Mozambique: más de 20.000 personas huyen ante el resurgimiento de los combates en el norte
Casi 22.000 personas huyeron de sus hogares en el norte de Mozambique en una semana a finales de septiembre, debido al resurgimiento de los combates en la provincia de Cabo Delgado, advirtió este martes la Oficina del Alto Comisionado de las Naciones Unidas para los Refugiados (ACNUR).
ACNUR dijo que el aumento del desplazamiento en ese periodo marca un punto de inflexión en un conflicto que entra en su octavo año, y que ha dejado más de 100.000 personas desplazadas solo en lo que va de 2025. El conflicto, que comenzó en 2017, es liderado por grupos armados locales conocidos como Al-Shabab, sin relación con la milicia somalí del mismo nombre. El impacto humanitario se ha visto agravado por ciclones, inundaciones y sequías recurrentes que han devastado medios de vida en la región.

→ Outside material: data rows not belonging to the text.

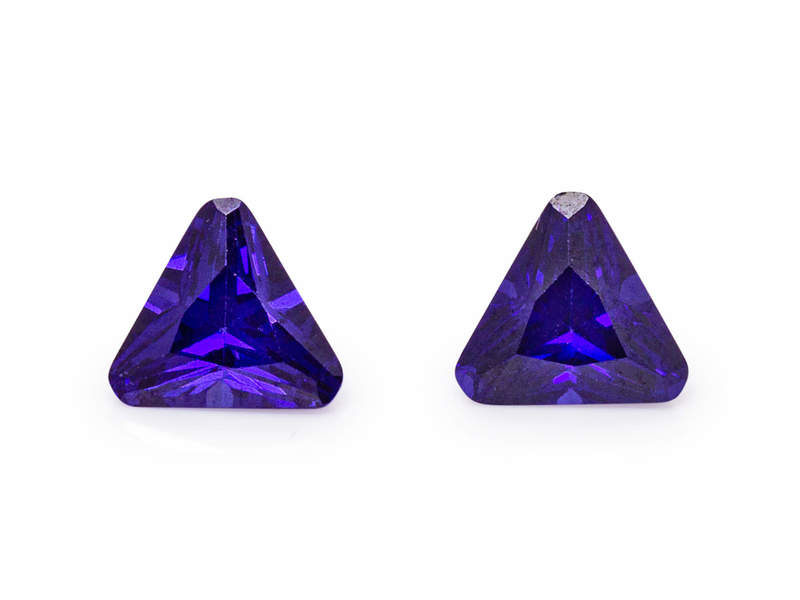 consisting of two triangular mixed cut tanzanites weighing approximately 2.52 carats total and measuring approximately 5.97 x 6.65 x 3.77 mm and 5.95 x 6.68 x 3.66 mm respectively.
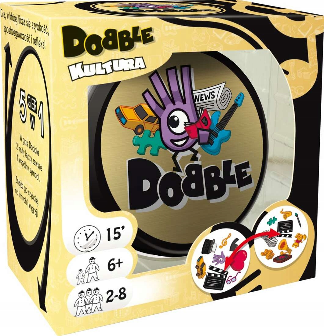 dobble kultura - це соціальна гра, яку ви можете взяти з собою всюди і грати за короткий час. Більше того - у нього є п’ять варіантів змагань, завдяки якому він, безумовно, не буде нудно довго. Враховується швидкість, сприйнятливість та рефлекси.
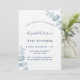 Un arrière - plan blanc, décoré de tiges d'eucalyptus bleu foncé, sprigs. Personnalisez et ajoutez un nom et des détails du parti. Dos : arrière - plan bleu poussiéreux.
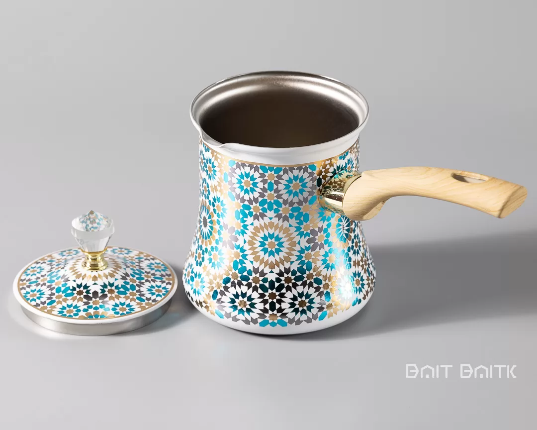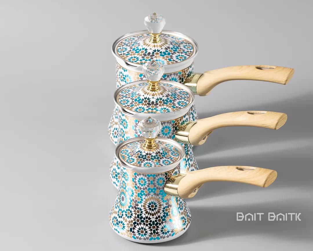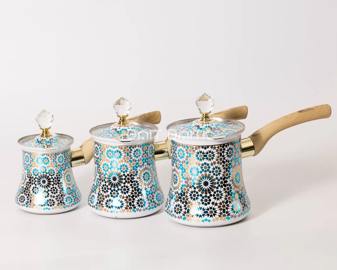 The Moroccan blue Turkish coffee pot set adds colour and elegance to your coffee corner. The three enamel-coated pots feature a mosaic pattern with turquoise, black and gold details inspired by traditional Moroccan art.

Por primera vez desde el inicio de las hostilidades, los 17 distritos de Cabo Delgado han sufrido directamente el conflicto, y más de 1,3 millones de personas han sido desplazadas, con muchos de ellos en múltiples ocasiones, según ACNUR.
“Las familias están llegando a su límite”, declaró Xavier Créach, responsable de ACNUR en Mozambique, señalando que incluso algunas personas que antes acogían a desplazados ahora están huyendo también. Los civiles siguen siendo objetivo de ataques, con informes de asesinatos, secuestros y violencia sexual, mientras que los niños enfrentan el riesgo de ser reclutados por la fuerza.
Las mujeres y las niñas están especialmente expuestas al peligro cuando recolectan agua o leña, y las personas con discapacidad o mayores a menudo no pueden escapar de la violencia. Según ACNUR, muchas necesitan apoyo psicosocial urgente ante el trauma acumulado.
La violencia se ha intensificado de manera significativa este año, con más de 500 incidentes registrados hasta agosto, superando los picos de 2022 e incluyendo ataques, secuestros y la destrucción de viviendas e infraestructura. ACNUR sostiene que esta nueva ola de desplazamientos es una de las más grandes registradas en los últimos ocho años.
El deterioro humanitario se ve reflejado en el sistema de salud, que enfrenta un doble impacto por inseguridad, saqueos y desplazamiento del personal. Según la respuesta liderada por la Organización Mundial de la Salud (OMS), alrededor del 60% de los centros de salud en los distritos más afectados están fuera de servicio. Servicios como la atención materna, el tratamiento del VIH y la respuesta de emergencia han quedado gravemente interrumpidos. En Mocímboa da Praia, el único hospital opera con menos del 10% de su personal, en su mayoría voluntarios, que luchan por mantener abiertas la sala de emergencias y la maternidad.
Las organizaciones humanitarias advierten que el riesgo de enfermedades aumenta con la llegada de la temporada de lluvias, anticipando repunte de malaria y cólera. En paralelo, el plan de respuesta del sector salud para este año solo ha recibido el 11% de los fondos necesarios, dejando las reservas de medicamentos esenciales en niveles críticamente bajos.
ACNUR también informó de una grave escasez de financiación: solo ha recibido 66 millones de los 352 millones de dólares necesarios para sus operaciones en Mozambique en 2025, lo que sitúa su capacidad de respuesta “al límite justo cuando las necesidades aumentan”, según la agencia.